Australian flying foxes (Pteropus spp., also known as fruit bats) are reservoir hosts of Hendra. This virus does not cause discernible disease in bats, but has a fatality rate of 75 percent in horses (the intermediate host), and 57 percent in humans. The bats forage naturally on nectar and fruit, and are particularly dependent on indigenous flowering trees for food in winter. Infected bats that feed or roost in horse paddocks pass viral particles in their droppings, and horses may contact these while grazing. Humans are exposed via infected horses and do not pass the virus between each other. 
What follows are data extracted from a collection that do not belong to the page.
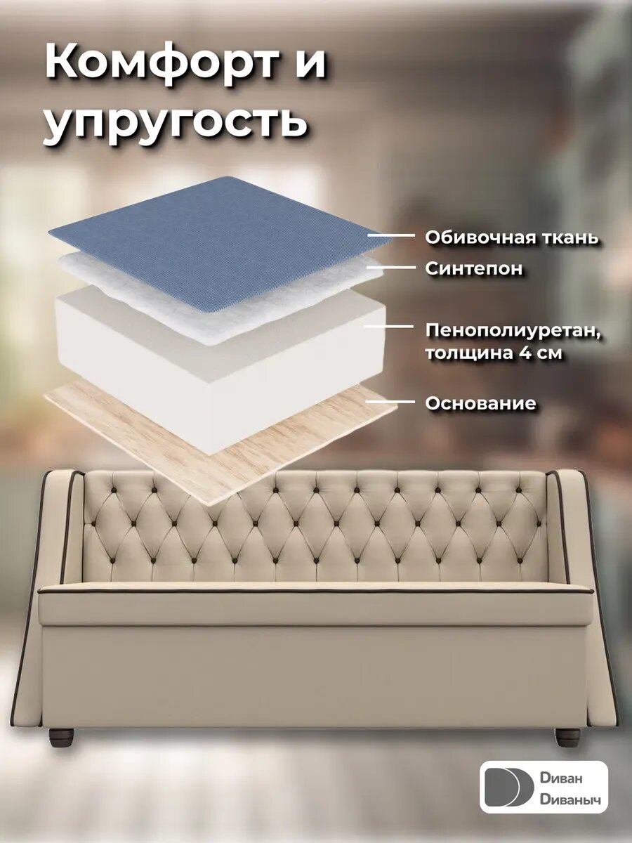 Диван кухонный прямой Милана с двумя ящиками для хранения, Экокожа интересное:
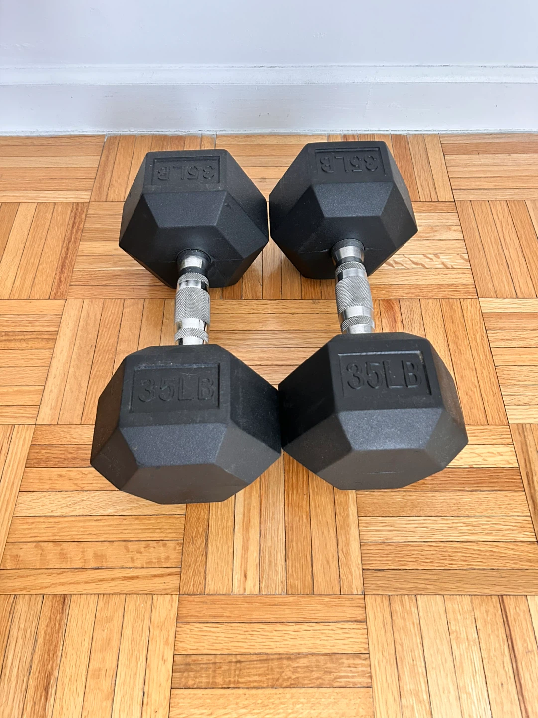 2 Pcs - 35 lbs Hex Dumbbells/Rubber Coated
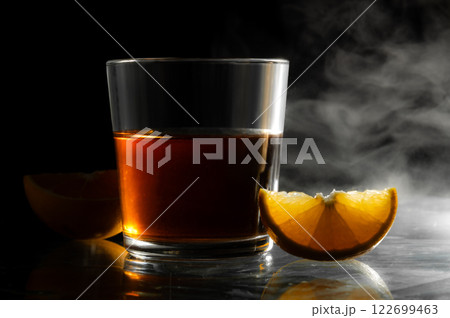 Aromatic amber liquid in a rocks glass with an orange slice, set against a dramatic dark background with swirling smoke
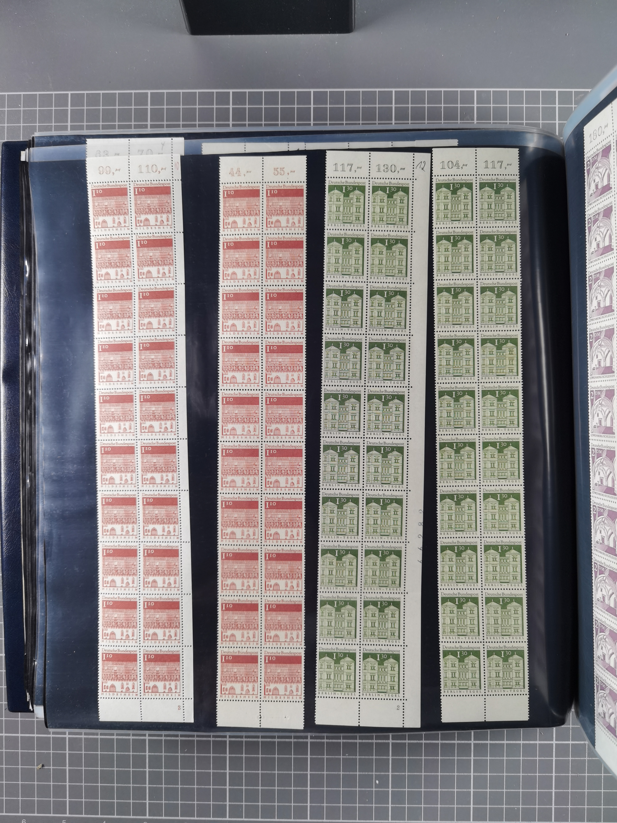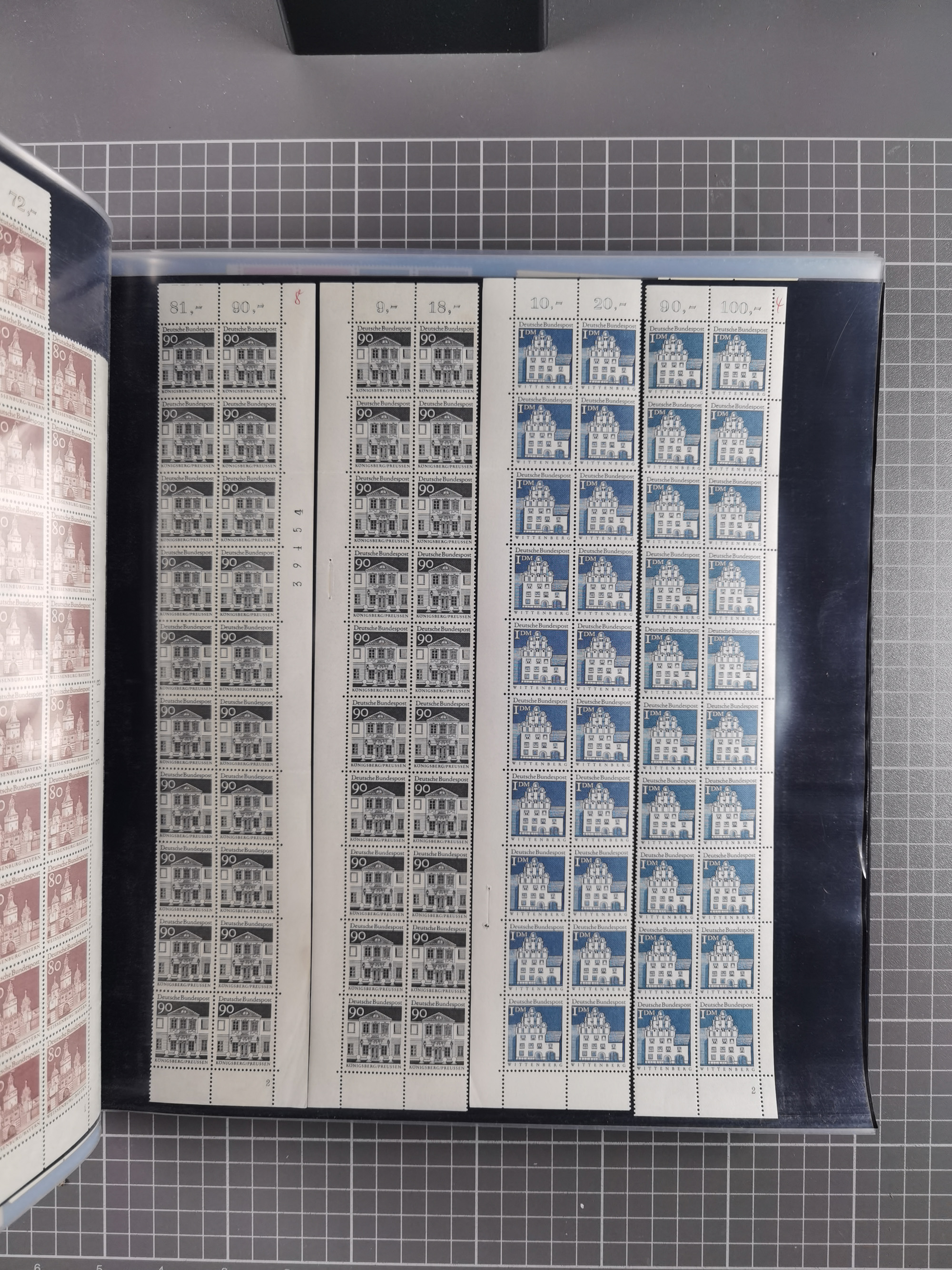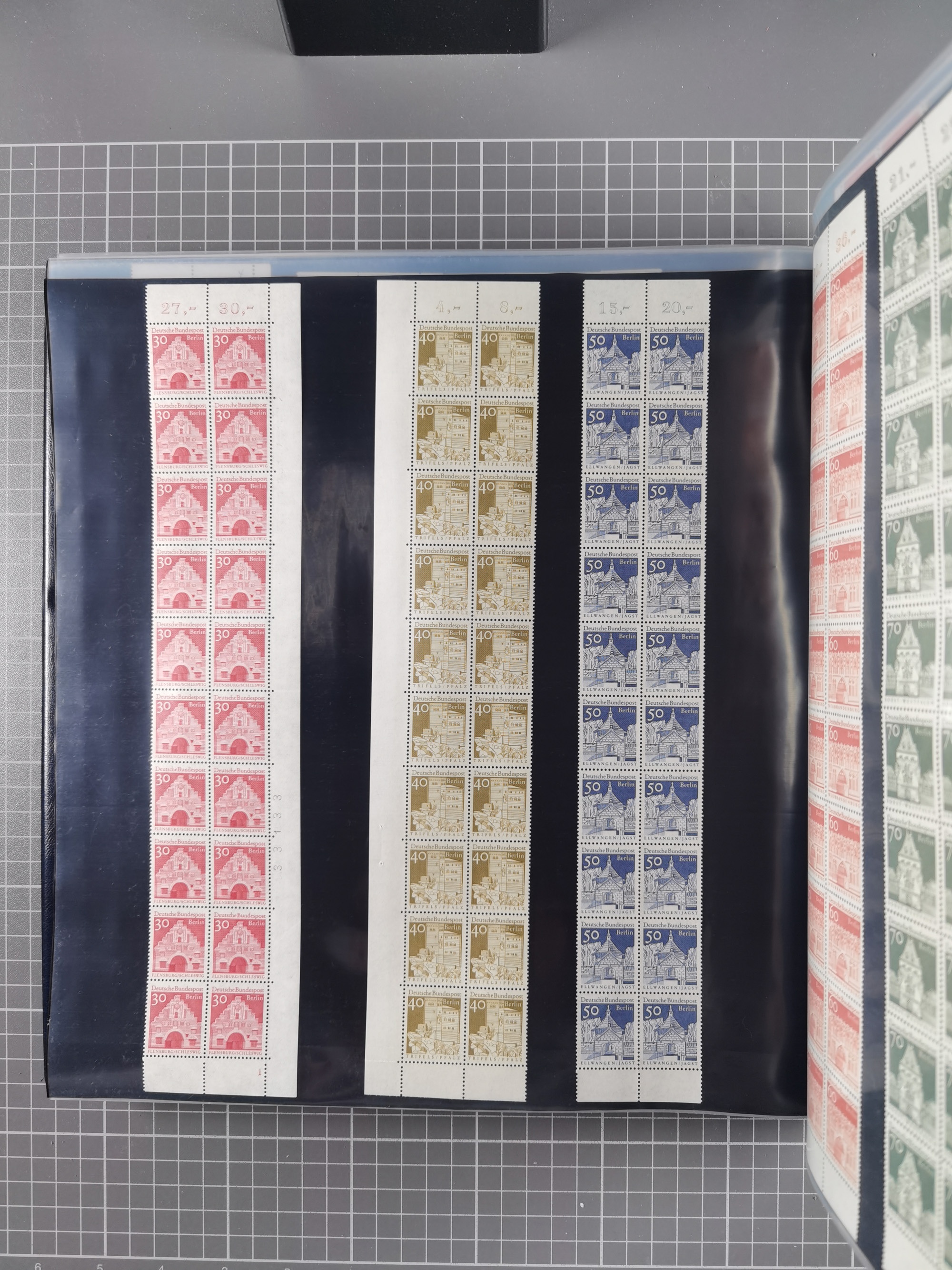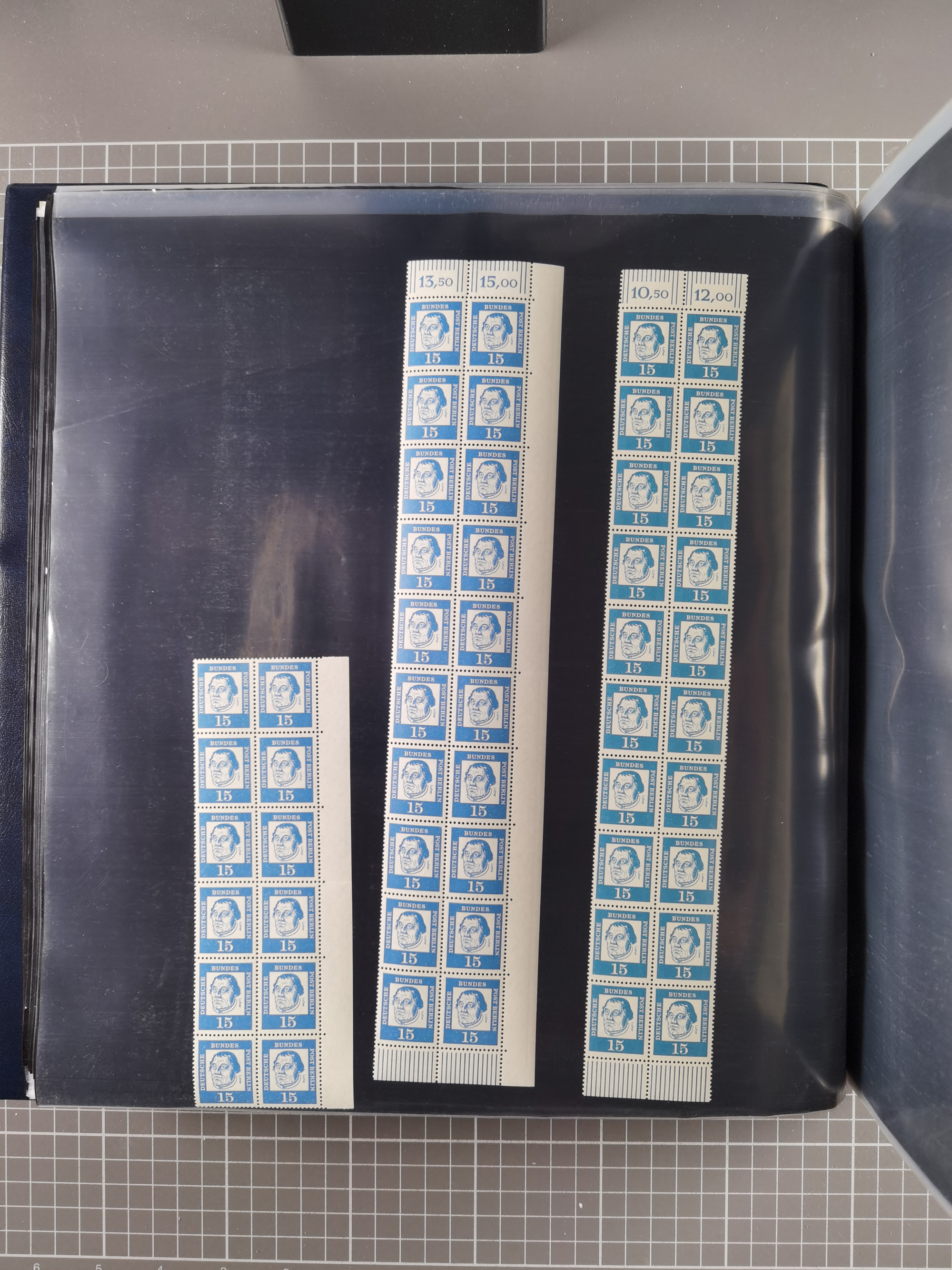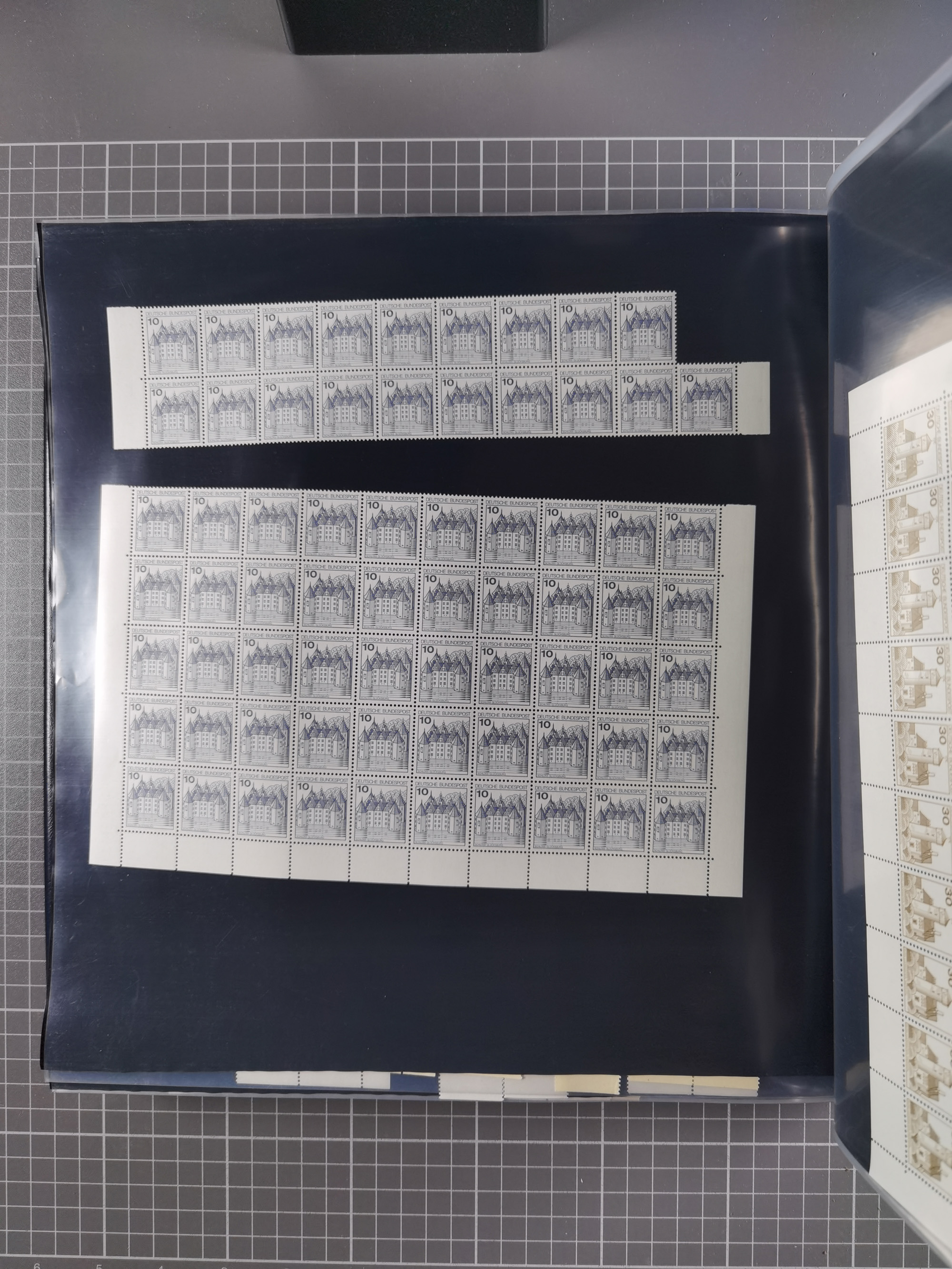 1960/75. postfrische Bogenteile der Dauerserien ab Bedeutende Deutsche, dabei Formnummern und Berlin mit u.a. Mi.-Nr. 246-49 jeweils im 20er-Bogenteil rechts mit 10 waagerechten Paaren, in Bogenmappe

The data sets used for developing the computer models (called Bayesian network models) were collected between 1996 and 2020. They contained information on the locations and sizes of fruit bat populations in subtropical Australia, the landscapes where they foraged, climate and El Niño events, years when there were food shortages, bat reproductive rates, records of bat intakes into rehabilitation facilities, habitat loss in forests that provide nectar in winter, and years when flowering in existing winter forests occurred.

The results of the analysis indicated two major factors driving spillover of Hendra: habitat loss pushing animals into agricultural areas, and climate-induced food shortages. In years subsequent to an El Niño event (high temperatures in the Pacific Ocean), buds of trees that bats depend on for nectar failed to produce flowers during winter, leading to a food shortage. This led to bat populations splitting up and moving into agricultural or urban areas in search of food. 

But it is not only El Niño events that have this effect. Human destruction of forest habitat for farmland and urban development has left few forests that produce nectar for bats in winter, resulting in their need to establish permanent populations in agricultural and urban areas instead, where weed species and fig, mango and shade trees offer shelter and food that is reliable, albeit less nutritious. 

A second investigation, on the links between ecological conditions and Hendra virus in fruit bats, has been published in Ecology Letters. This study used data from the Nature study to show that, when bats are stressed due to food shortages, there are more Hendra virus particles present in their droppings. The researchers propose that the stressed bats shed more virus because they need to conserve energy and protect their immune systems from excess work. 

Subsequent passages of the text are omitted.